Table 1. Text mining and corresponding research objectives

In Section 2 the background of topic modeling in business analytics is introduced. After giving this theoretical background Section 3 focuses on outlining methodologies for each field of application to illustrate corresponding implementations with real data in Section 4. After a report of key findings Section 5 discusses implications for practitioners and managers and shows limitations as well as potentials for further development.

Text Mining Potentials

While applications of text mining for business analytics are abundant in the literature, there is scant evidence demonstrating the use of topic modeling. In this section we point toward different research streams concerning language-based business analytics. These vary according to (a) the text source and (b) the analytical model, i. e., supervised/unsupervised learning. Text mining often yields new insights from narrative language for steering the organizational decision-making and operation of firms. One characteristic feature is the source of the written materials. They often consist of user-generated content, such as product reviews or social media postings, where sentiment analysis facilitates insights into the opinion of customers toward products on social media like twitter or facebook (Mostafa Citation2013). The gender affiliation for example can be recognized based on blinded e-mail text documents (Berezina et al. Citation2016).

Alternatively, investors can investigate whether narrative disclosures in annual financial reports of firms contain value-relevant information for predicting market performance (Balakrishnan, Qiu, and Srinivasan Citation2010)(Paradkar, Citation2010) (Kearney and Liu Citation2013). Or committees can evaluate the submissions to crowdsourcing websites in order to select winners and adjust monetary reward (Walter and Bac, Citation2013).

Moreover, internal use of text and language reflects the structure and processes of organizations. So, analytics can be applied in purchasing not only to prevent and detect fraud. Moreover, data mining techniques such as text mining and cluster analysis can be used to improve visibility of purchasing patterns and provide decisionmakers with insight to develop more efficient sourcing strategies, in terms of cost and effort. Furthermore, they can help in storing and managing purchasing contracts (Tan and Lee Citation2015).

In addition to that a study shows a procedure for automated learning of negotiation strategies and stylized business negotiations (Oliver Citation1996).
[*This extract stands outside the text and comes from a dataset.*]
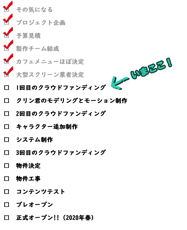 2019/09/19 16:04パトロンの皆さん、こんにちは。すっかり秋が近づいてまいりましたね。とても過ごしやすくて穏やかな気持ちになります♪気温の変化が激しいので風邪にはお気を付けください。さて、LITTLE SQUARE計画は皆さんのおかげで大きな進歩がありました。カフェにやってくる異世界住民第1号「クリン君」が立体(3D)になりましたYO!↓人間に近づいているクリン君↓外注会社になんとか支払いをすることができました♪ (生々しい…)クリンを立体にしてくださって感謝! 益々愛着がわきます。チームの中ではクリン君の動きを作る工程に入っています。 とってもかわいいんですよ♪そして来年春オープンに向けての現在の進捗はこんな感じ。新しい異世界住民の制作にも取り掛かりました。プログラムも必要!ここは自分のコツコツためてきた貯金で、、、そろそろ尽きそうなので大きな支払いは後ろに後ろに回しつつ でも着実に進んでおります!本文で載せていたスケジュールで物件決定と次のクラウドファンディングの順番は入れ替えました。物件を決定して、次回のクラウドファンディングではちゃんと場所をお伝えしたいためです。今回いただいた貴重なご意見の中に「行きたいけど場所がどこか不明なので行けるかわからない」「何が食べれるの?メニューが知りたい」などなど、愛情たっぷりのご指摘をいただきました!次回こそは載せますよー☆来年の頭ぐらいに、もう一の今回以上に素敵なリターンを用意しクラウドファンディングに挑戦したいと思っておりますのでその時も気が向いたら是非応援のほどよろしくお願いします!!PS.今回のリターンに関しては1件ずつ対応中です。 10月以降に届くパトロンの方も 是非楽しみにお待ちください^^ もっと見る今日で最終日!今日は誕生日?!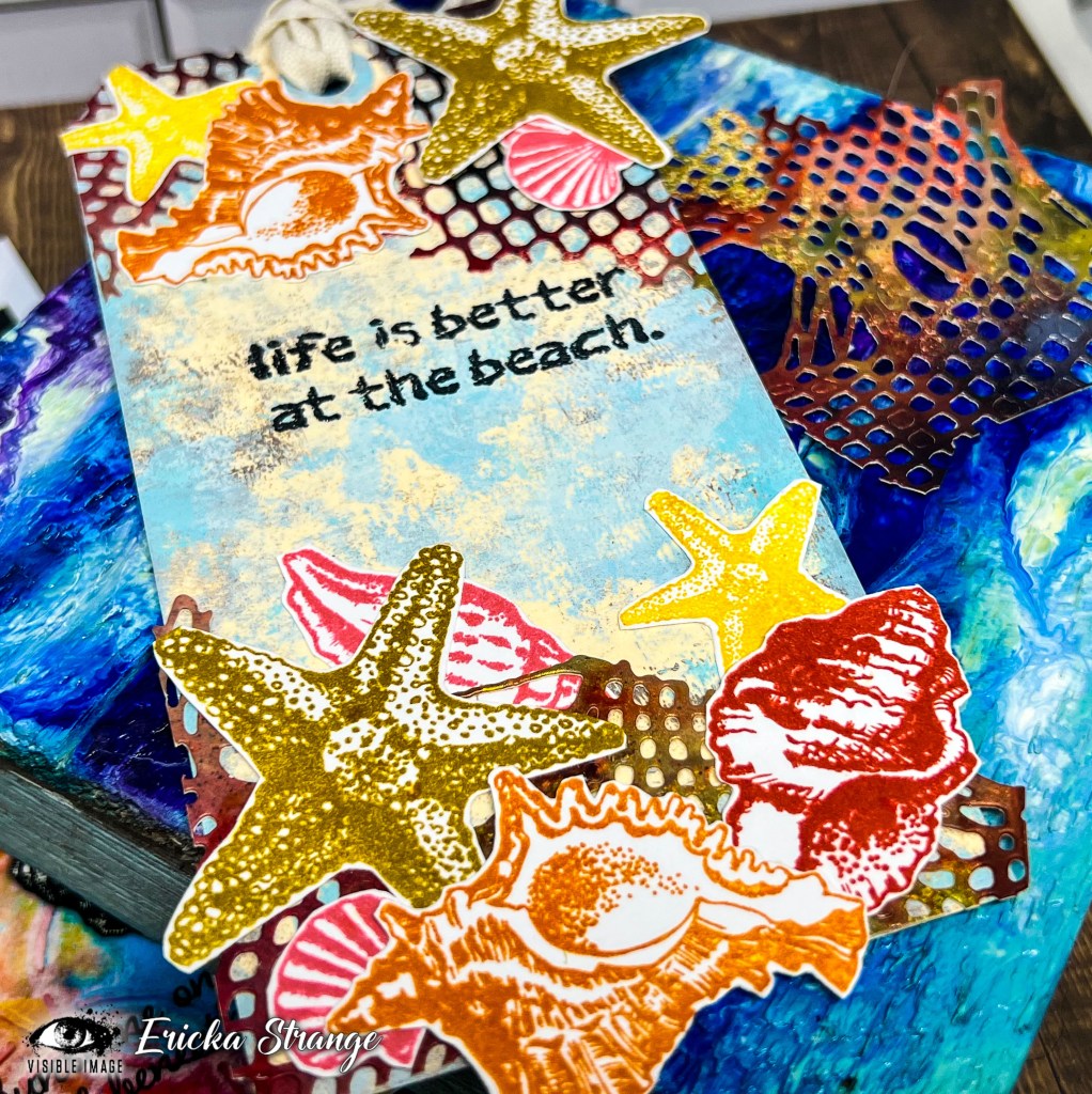 I had the Torn Fishnet die leftover from a previous project and decided to add that to my tag as well. I started placing and gluing my shells around my tag for a pretty beach look.

Further application potentials can be found in business process management, for example to check validation and plausibility of existing processes or to transform continuous text into process models (Leopold, Mendling, and Polyvyanyy Citation2014)(Leopold, Pittke, and Mendling Citation2014). For example, violations of process models or compliance guidelines can be detected and documented (Accorsi and Stocker Citation2012)(Van der Aalst, Citation2010).

The applications of text mining also show considerable variations in terms of the underlying methods. On the one hand, a lot of use cases require supervised learning with a priori labels. Examples include automated assignment of IT tickets to the appropriate service unit (Goby et al. Citation2016), forecasts of news-based stock price changes (Pröllochs, Feuerriegel, and Neumann Citation2016), and predicting users’ affect (Rao et al. Citation2016). Others rely on unsupervised methods, such as clustering or topic modeling, which are able to shed light on the patterns within business data. Illustrative demonstrations include measuring business proximity (Shi, Lee, and Whinston Citation2016), predicting interest among tourists (Brandt, Bendler, and Neumann Citation2017), and forming IT support groups on the basis of the content of helpdesk tickets (Goby et al. Citation2016).

Research Framework

Theoretical Background

The amount of unstructured data clearly outweighs the amount of structured data. Experts put the share of unstructured data at 70–90% (Subramaniyaswamy et al. Citation2015). Apart from images and sound recordings, this mainly involves textual data (Baars and Kemper Citation2008). Accordingly, many organizations and companies have large amounts of textual data. In order to generate added value from this data, two major challenges must be met. First, an effective system for data storage and data management is necessary. Second, there must be efficient algorithms to process and analyze textual data to extract useful information (Holzinger and Pasi Citation2013). Most ML algorithms are designed for numerical data. Therefore, special methods and techniques for algorithmic processing and transformation of natural language have formed under the term “Natural Language Processing” (NLP). While regular structures can often be found in numerical data sets, textual data sets usually do not follow a regular syntax, are therefore very variable and cannot be directly analyzed by classical statistical models. In the field of NLP and text analytics often basic forms of ML are used, but specific algorithms sometimes differ considerably (Manning, Raghavan, and Schuetze Citation2018) (Sarkar Citation2016) (Sarkar, Bali, and Sharma Citation2018). In the following, three typical instruments relevant for this work are discussed.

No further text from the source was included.